San Francisco-born artist Lawrence Calcagno spent the first part of his life on a ranch near Big Sur, California, teaching himself to paint from his own observations of the California landscape. Calcagno remained largely self-taught until after World War II, when he began to study painting under the G.I. Bill with the artist Clyfford Still, whose saturated palette and thick-textured linear style remained influences on Calcagno’s work throughout his career.
Calcagno went on to study at the California School of Fine Art in San Francisco from 1947-1950, as well as at the Academie de la Grande Chaumière in Paris from 1950-1951 and the Instituto d’Arte Statale in Florence from 1951-1952. Calcagno’s work was first shown at the Faccheti Gallery in Paris in 1952. He continued to work and study in Paris until 1955. During this time, Calcagno became acquainted with Martha Jackson, who mounted his first one-man at her New York gallery in 1955. Over the next several years, Calcagno served as artist-in-residence at the University of Alabama, the Albright School of the University of Buffalo, the University of Illinois, and the Honolulu Academy of Arts.
From 1959-1960, Calcagno taught at New York University and showed his work at exhibitions in places as diverse as Lima, Peru, Mexico City, London, and Copenhagen.
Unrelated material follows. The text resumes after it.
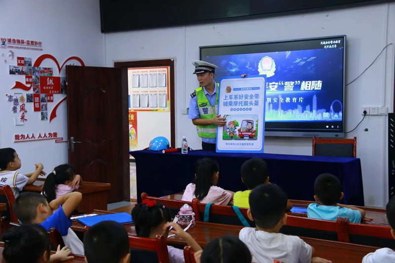 在暑期安全小课堂上,交通警察、消防员、普法宣传员等专业人员以及志愿者,依托文明实践中心、所、站阵地开展“文明实践 快乐暑假”夏令营活动,围绕防溺水安全、防拐防骗相关知识、家庭安全隐患、安全上网、用电安全、交通安全等内容,为青少年带去了暑期安全第一课。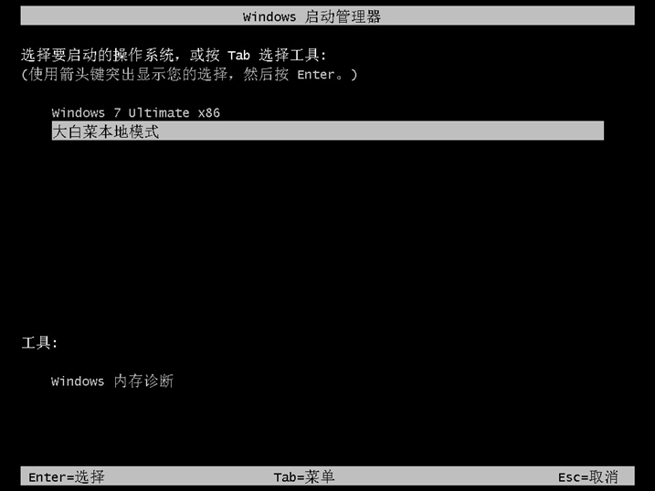 3、電腦啟動時選擇大白菜本地模式即可啟動大白菜U盤啟動了。

In 1965, he was awarded a Ford Foundation grant. He was also named the visiting Andrew Mellon Chair of Painting at Carnegie-Mellon University, and was also awarded fellowships by the Yaddo Foundation of Saratoga Springs, New York, the MacDowell Colony of Peterborough, New Hampshire, and the Wurlitzer Foundation in Taos, New Mexico.
Calcagno’s work was also shown in a circulating exhibition by the Smithsonian from 1973-1975, in a touring retrospective by the Mitchell Museum in Mount Vernon, Illinois in 1982, and at solo exhibitions at the Harwood Foundation Museum of Taos and the Anita Shapolsky Gallery in New York in 1987. In 1989, he was awarded a major grant from the National Endowment for the Arts. His work is included in the public collections of several museums, including the Museum of Fine Arts, Boston; National Gallery of Art, Washington, D.C.; Oakland Museum, Oakland, CA; San Francisco Museum of Modern Art; Smithsonian American Art Museum, Washington, D.C.